→ Exercise directions
In the records below, repeat word for word only the lines starting at the one that contains "Ausmalbild für Kinder" and ending at the one that contains "Situated on the", pictures excluded.

→ Source data
# # # # # # #

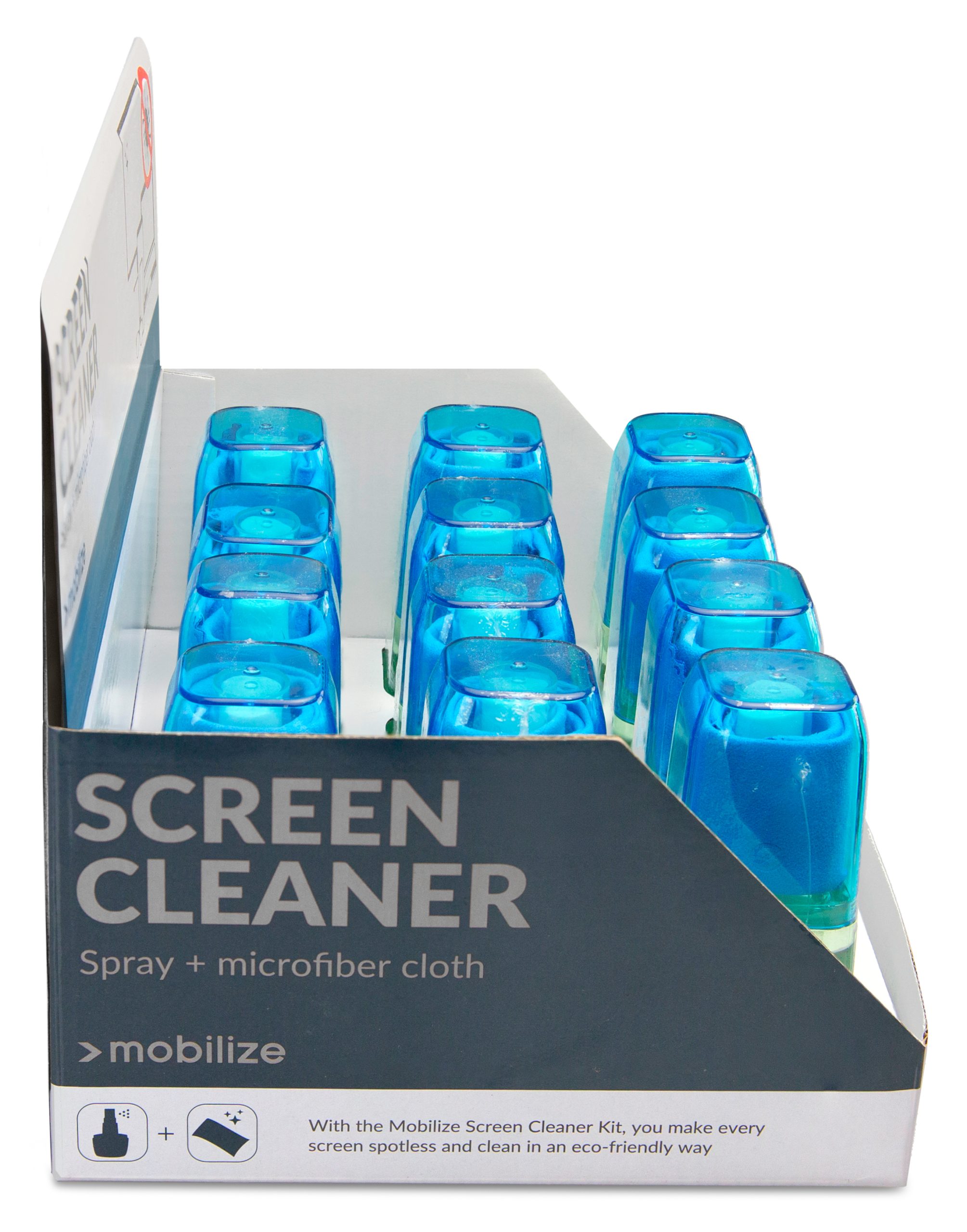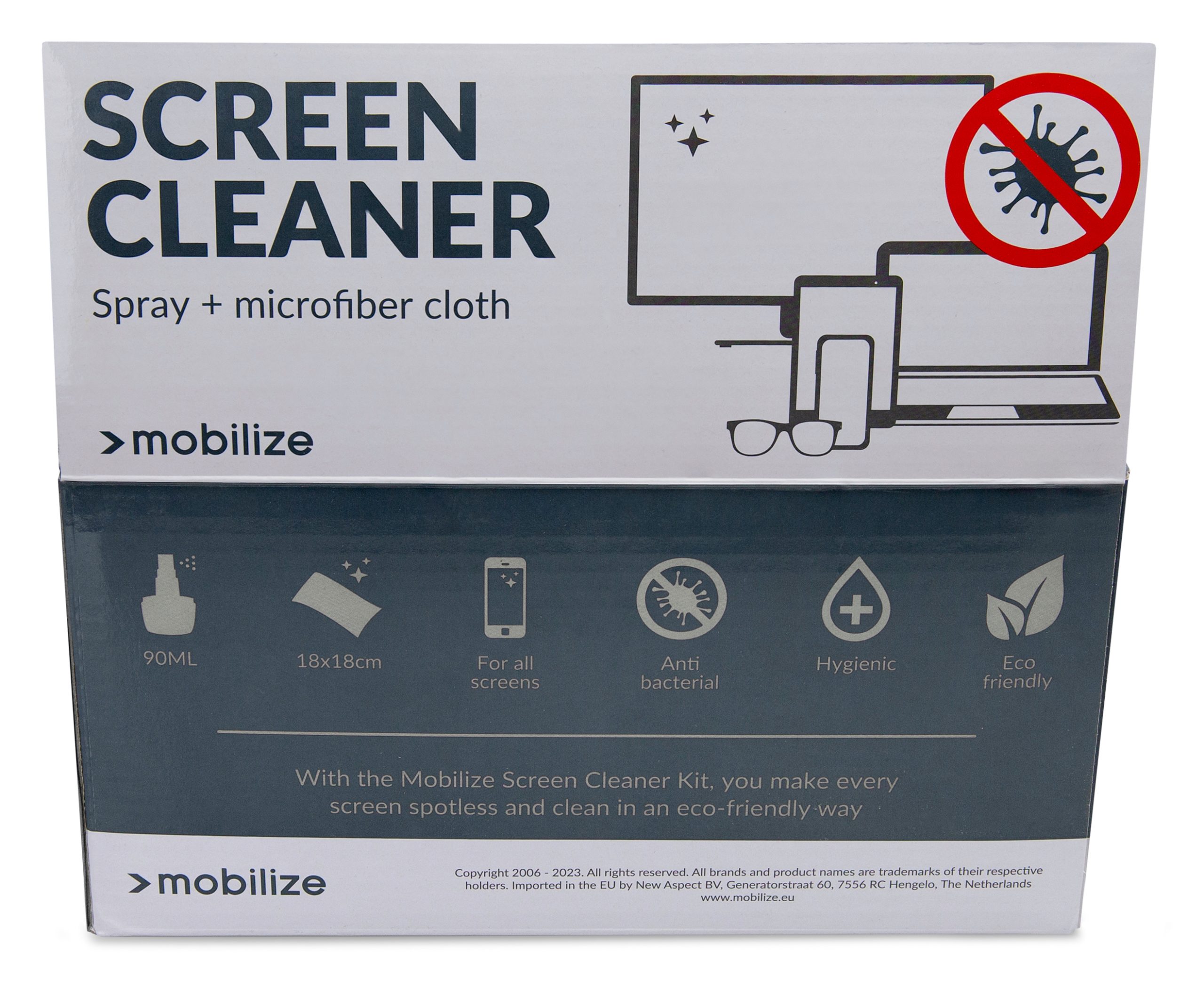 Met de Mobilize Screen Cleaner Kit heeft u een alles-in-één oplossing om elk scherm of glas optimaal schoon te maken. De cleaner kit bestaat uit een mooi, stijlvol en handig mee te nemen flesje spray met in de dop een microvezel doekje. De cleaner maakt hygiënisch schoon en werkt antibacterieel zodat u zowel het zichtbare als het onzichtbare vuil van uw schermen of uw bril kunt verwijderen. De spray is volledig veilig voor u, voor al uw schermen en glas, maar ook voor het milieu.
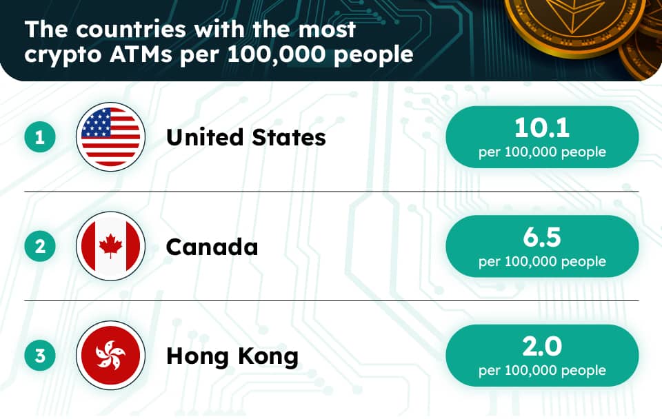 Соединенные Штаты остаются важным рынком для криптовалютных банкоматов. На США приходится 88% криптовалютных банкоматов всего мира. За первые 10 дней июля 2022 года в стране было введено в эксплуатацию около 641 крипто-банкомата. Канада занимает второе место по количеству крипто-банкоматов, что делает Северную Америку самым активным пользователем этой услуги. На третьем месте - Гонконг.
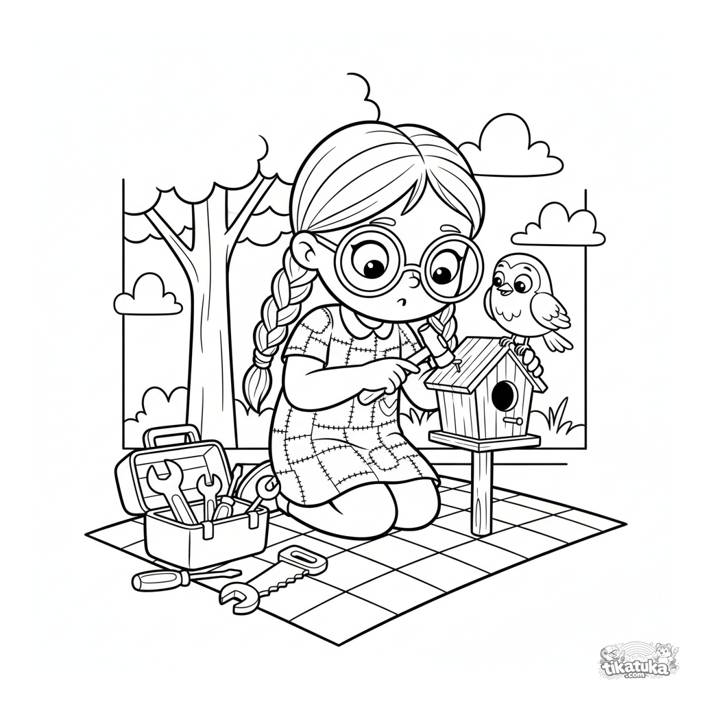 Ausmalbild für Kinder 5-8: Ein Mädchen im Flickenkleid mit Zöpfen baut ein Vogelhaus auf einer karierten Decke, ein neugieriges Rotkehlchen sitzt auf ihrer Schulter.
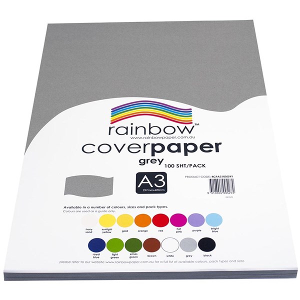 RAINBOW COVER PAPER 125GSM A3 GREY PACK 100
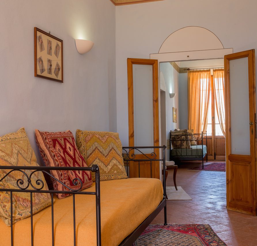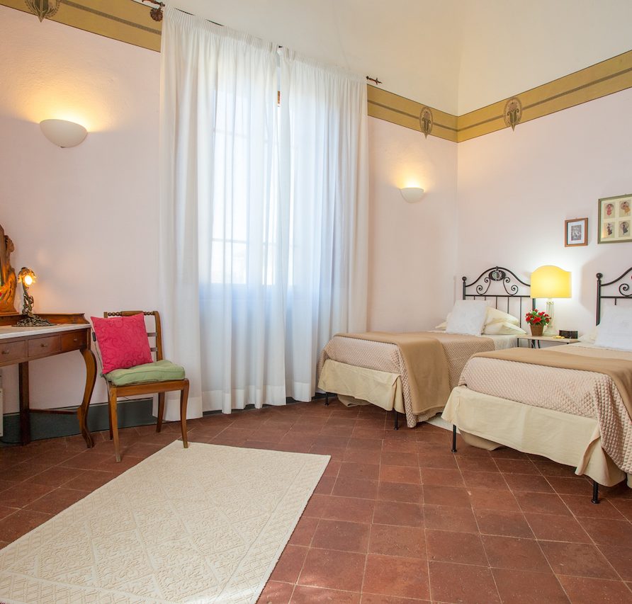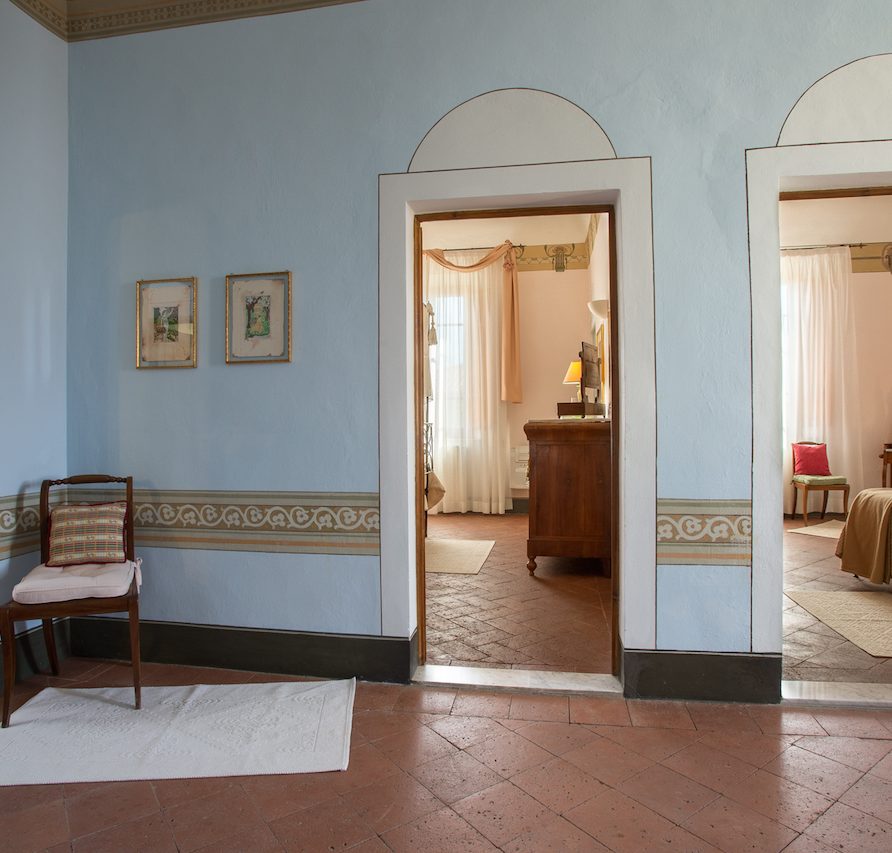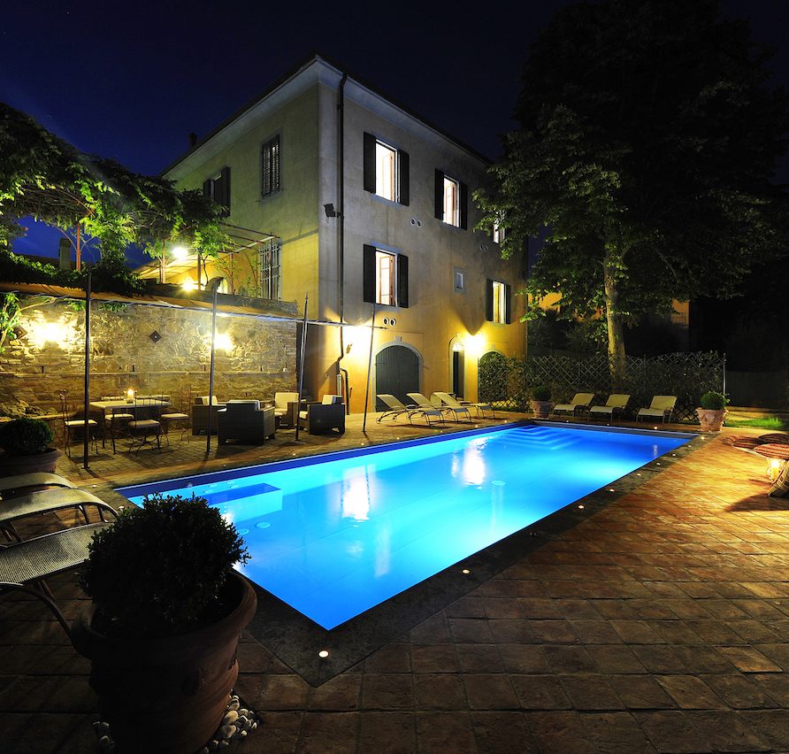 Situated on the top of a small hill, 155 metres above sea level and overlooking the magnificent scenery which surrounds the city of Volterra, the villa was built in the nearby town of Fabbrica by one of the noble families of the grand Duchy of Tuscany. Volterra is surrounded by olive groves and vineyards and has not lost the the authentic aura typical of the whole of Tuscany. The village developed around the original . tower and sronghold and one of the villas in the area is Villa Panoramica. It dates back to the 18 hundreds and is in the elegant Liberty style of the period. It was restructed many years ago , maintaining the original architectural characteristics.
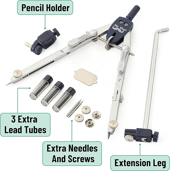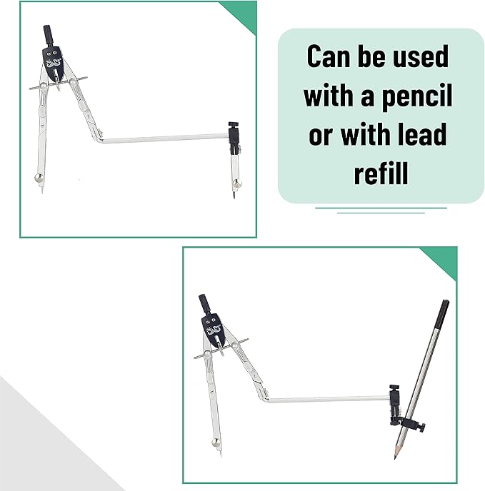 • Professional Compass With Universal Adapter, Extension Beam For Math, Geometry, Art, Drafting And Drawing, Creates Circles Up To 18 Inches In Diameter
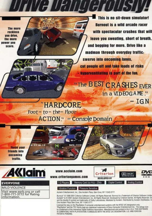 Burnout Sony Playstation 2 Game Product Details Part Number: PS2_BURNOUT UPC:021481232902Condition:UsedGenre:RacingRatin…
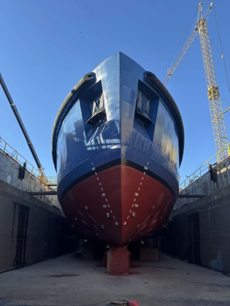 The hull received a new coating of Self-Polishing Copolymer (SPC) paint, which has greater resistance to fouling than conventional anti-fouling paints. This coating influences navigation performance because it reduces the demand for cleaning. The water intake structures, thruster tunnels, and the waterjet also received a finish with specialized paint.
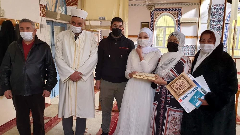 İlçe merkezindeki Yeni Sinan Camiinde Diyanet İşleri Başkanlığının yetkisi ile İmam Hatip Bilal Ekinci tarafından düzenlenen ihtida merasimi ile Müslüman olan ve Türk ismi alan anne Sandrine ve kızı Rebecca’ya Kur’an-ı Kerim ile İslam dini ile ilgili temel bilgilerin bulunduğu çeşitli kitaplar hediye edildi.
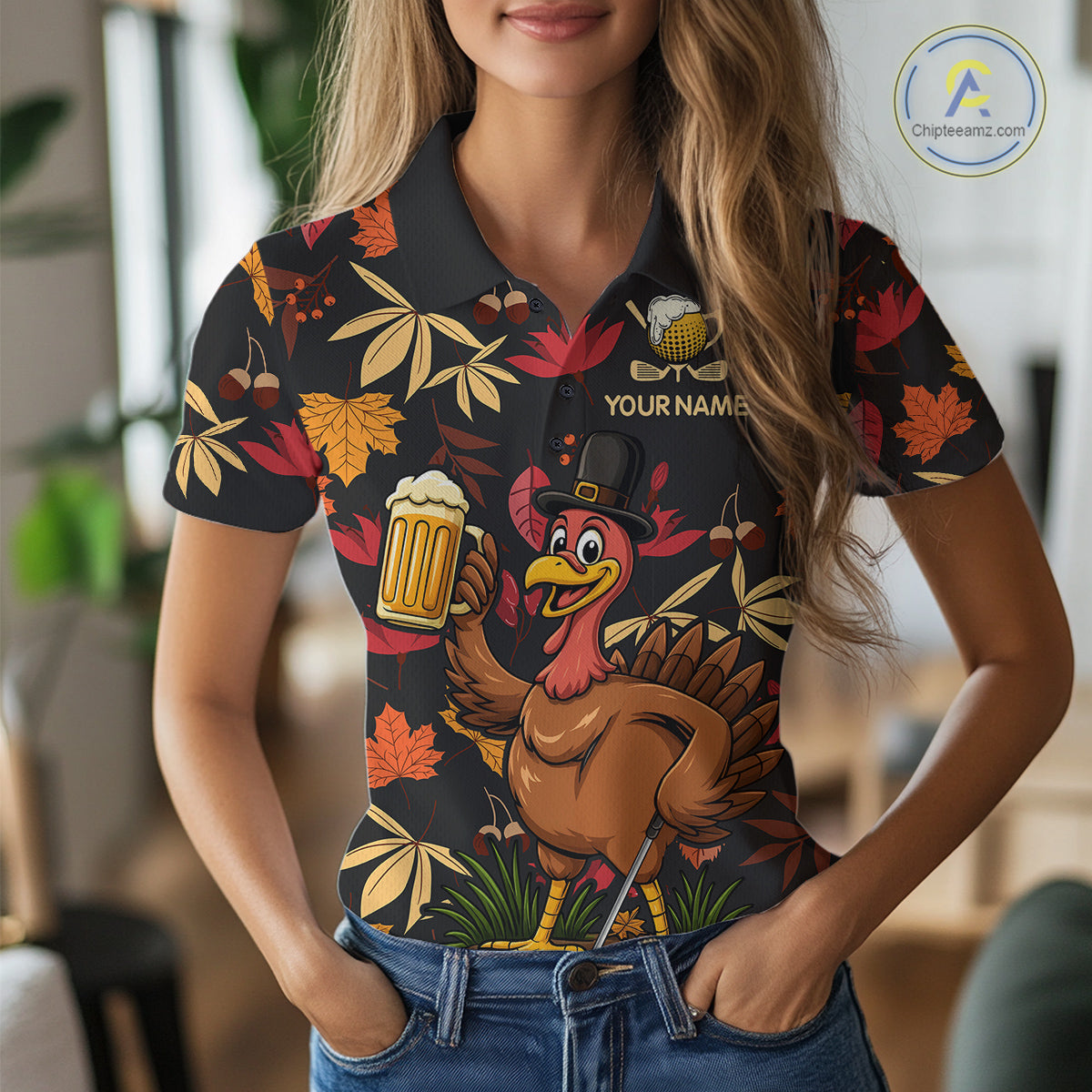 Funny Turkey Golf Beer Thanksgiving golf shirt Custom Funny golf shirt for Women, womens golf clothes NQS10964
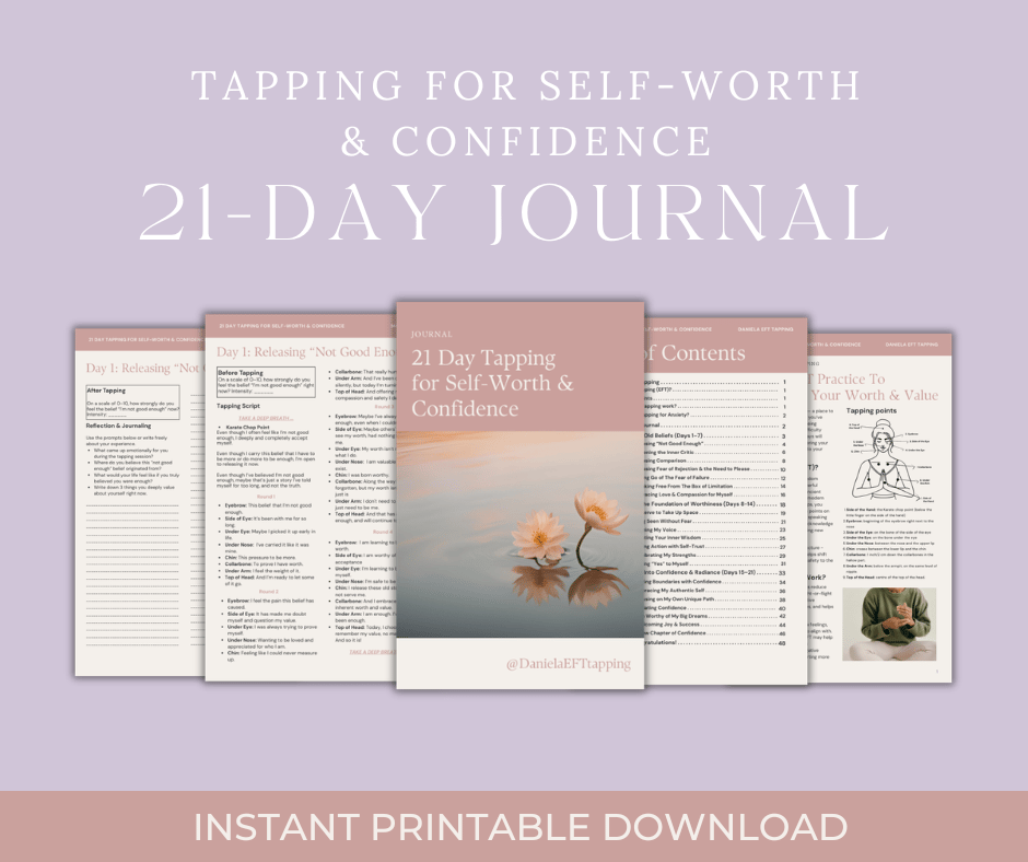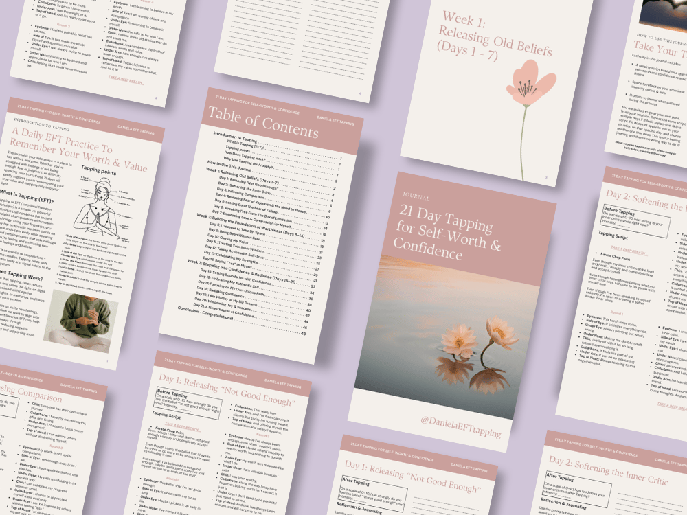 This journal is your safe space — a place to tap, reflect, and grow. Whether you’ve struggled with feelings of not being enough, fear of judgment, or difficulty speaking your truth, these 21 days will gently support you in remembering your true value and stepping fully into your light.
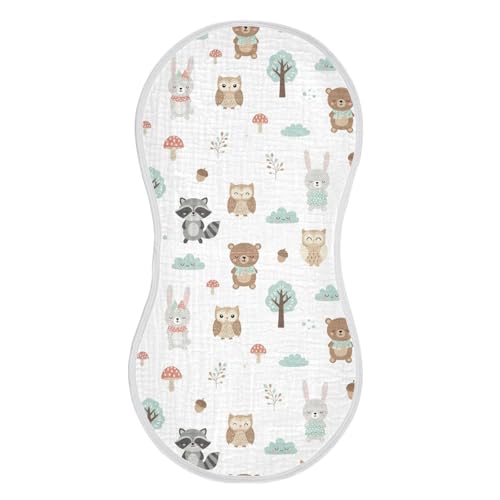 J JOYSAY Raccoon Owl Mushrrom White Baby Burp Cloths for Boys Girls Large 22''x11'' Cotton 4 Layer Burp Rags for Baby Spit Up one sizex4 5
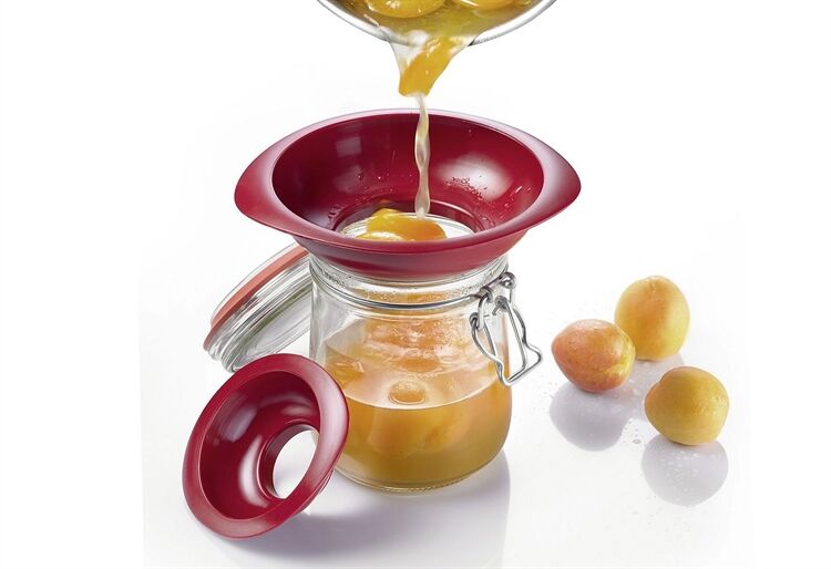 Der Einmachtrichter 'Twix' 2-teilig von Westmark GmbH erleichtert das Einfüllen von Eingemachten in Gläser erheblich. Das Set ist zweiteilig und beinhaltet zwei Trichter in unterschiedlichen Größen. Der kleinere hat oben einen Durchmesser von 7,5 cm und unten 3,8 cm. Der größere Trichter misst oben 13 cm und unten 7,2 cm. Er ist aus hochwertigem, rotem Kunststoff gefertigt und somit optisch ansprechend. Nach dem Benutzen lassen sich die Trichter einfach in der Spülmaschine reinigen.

# # # # # # #

→ Answer to this task
 Ausmalbild für Kinder 5-8: Ein Mädchen im Flickenkleid mit Zöpfen baut ein Vogelhaus auf einer karierten Decke, ein neugieriges Rotkehlchen sitzt auf ihrer Schulter.
 RAINBOW COVER PAPER 125GSM A3 GREY PACK 100
 Situated on the top of a small hill, 155 metres above sea level and overlooking the magnificent scenery which surrounds the city of Volterra, the villa was built in the nearby town of Fabbrica by one of the noble families of the grand Duchy of Tuscany. Volterra is surrounded by olive groves and vineyards and has not lost the the authentic aura typical of the whole of Tuscany. The village developed around the original . tower and sronghold and one of the villas in the area is Villa Panoramica. It dates back to the 18 hundreds and is in the elegant Liberty style of the period. It was restructed many years ago , maintaining the original architectural characteristics.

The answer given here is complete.